Examining for a hernia
How do others examine for a hernia? Do you just look at and palpate with the patient standing up? Do you also invaginate the scrotum with the little fingerinserted up through the external inguinal ring?
Since missing an incidental hernia as an intern years ago, and being told off sarcastically by someone a year ahead of me, my routine examination of the abdo includes “the belly and what hangs from it”. I check both groins by putting the right index fingertip over the left ext. inguinal ring and the thumb tip over the right ext. ring, and getting the patient to cough once. This takes four or five seconds.
At least twice a year I pick up a previously unsuspected hernia. In the case of small hernias I tell the patient – “don’t worry, but you may notice something in the next few months or years, and I don’t want you to feel you didn’t have a thorough examination.” It seems to greatly re-inforce the patient’s confidence.
Palpating the pubic tubercle by invaginating the scrotal skin has a great advantage if you are injecting the insertion (?origin) of the conjoint tendon for pain in the absence of any palpable hernia using some lignocaine, as both diagnostic and curative procedure. It helps especially in the fat patient, where you can feel the shaft of the needle. Sometimes it is difficult, just as a vasectomy is difficult, if the scrotal skin is very thick. It shouldn’t be contracted from cold antiseptic solution, because the nurse should wam this for you.

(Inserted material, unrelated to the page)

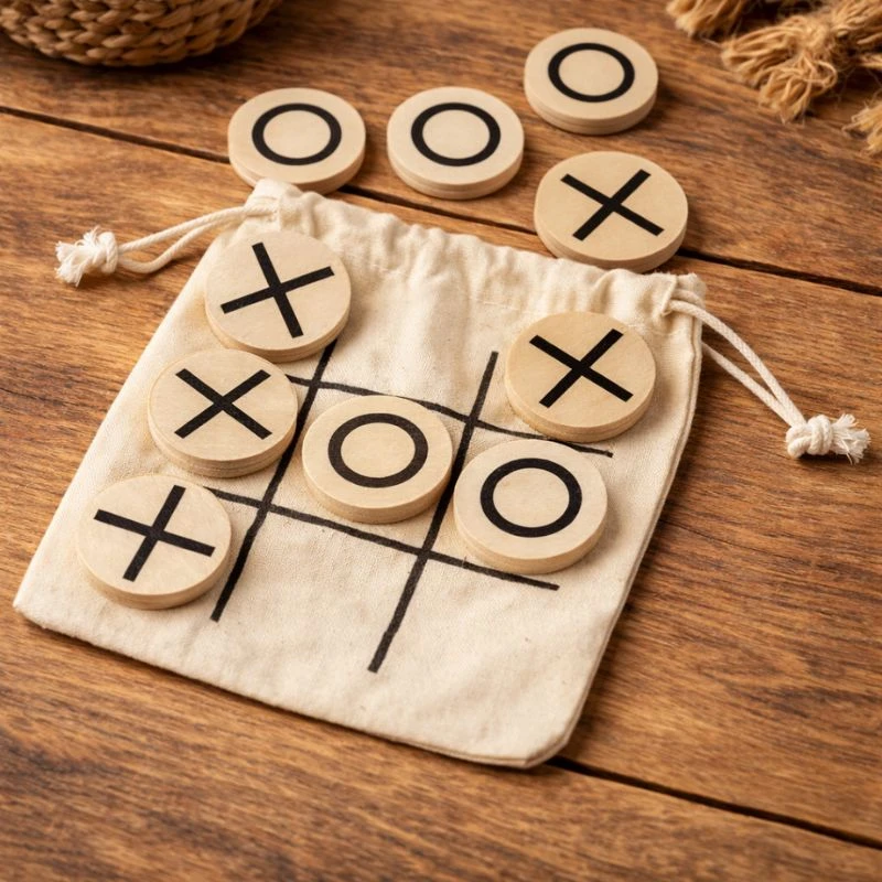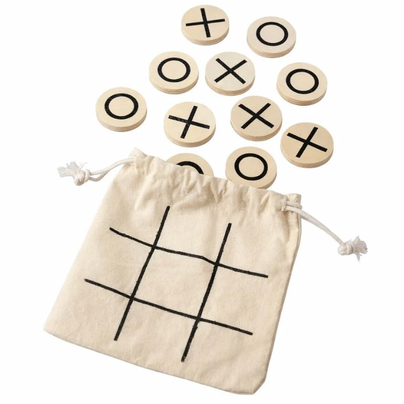 Drewniana gra kółko i krzyżyk to zestaw składający się z 10 żetonów oznaczonych symbolami „X” i „O” oraz praktycznego, bawełnianego woreczka pełniącego funkcję planszy i etui. Woreczek ze sznurkiem pozwala na przechowywanie elementów i wygodne zabranie gry w dowolne miejsce.

Having said all this, here is a recent blunder. Last December I saw a fat older woman with an obvious left femoral hernia giving her discomfort. At operation a few days later there was only a little redundant fat at the femoral canal, which I excised before closing the canal. At review a couple of weeks later she had lost her lump and discomfort.
Three months later she came back – so did the lump. This time it looked maybe like a saphena varix. Also, I noted a few minor scars on her thigh and calf where she had some multiple ligations she forgot to mention in her past history. Ultrasound confirmed a saphena varix, incompetent SF junction, and 4 incompetent deep perforators in the leg. The re-dissection at the groin was a nuisance because of scarring – served me right. Everything else was OK.
Ultrasound for hernias has helped me several times in the last few years, especially for occult little incisional hernias around sutures which have cut out in obese patients. These have presented with pain, relieved by repair.
What is the experience of others with ultrasound for hernias?
I usually use a TENS (transcutaneous electrical stimulator) unit, if that does not work, I may try amitryptyline, but usually instead go straight to gabapentin starting at 300 milligrams at bedtime and increasing to 300 milligrams three times a day (100 mg 3x a day for the very old).
I have done the same in terms of repairing what I thought was afemoral hernia only to find later that it was a varix. Now I use ultrasound when varix enters my mind only. There is usually some other indications of varices and the bulge is extremely soft and has a “fluidity” to it that is uncharacteristic of hernias. In reality, this has happened twice, the second time, I did not operate and the patient was just as happy.
I think one has to be careful calling every “lump” in the groin a hernia. I have seen men with findings that look like a hernia that have turned out to just be properitoneal fat along the spermatic cord. Sometimes it is bulky and sometimes even “reducible”. I have found that unless the hernia is clearly seen on exam it should not be operated upon. I do not feel bad if a hernia is not seen on an initial exam but is subsequently seen and then repaired.
Anyone with groin pain that you operate upon and find a saphenofemoral varix will do very well to have this ligated. Don’t try and optimize the femoral canal by obliterating it if there is no hernia, or you will run the risk of adding more pain to embarrassment.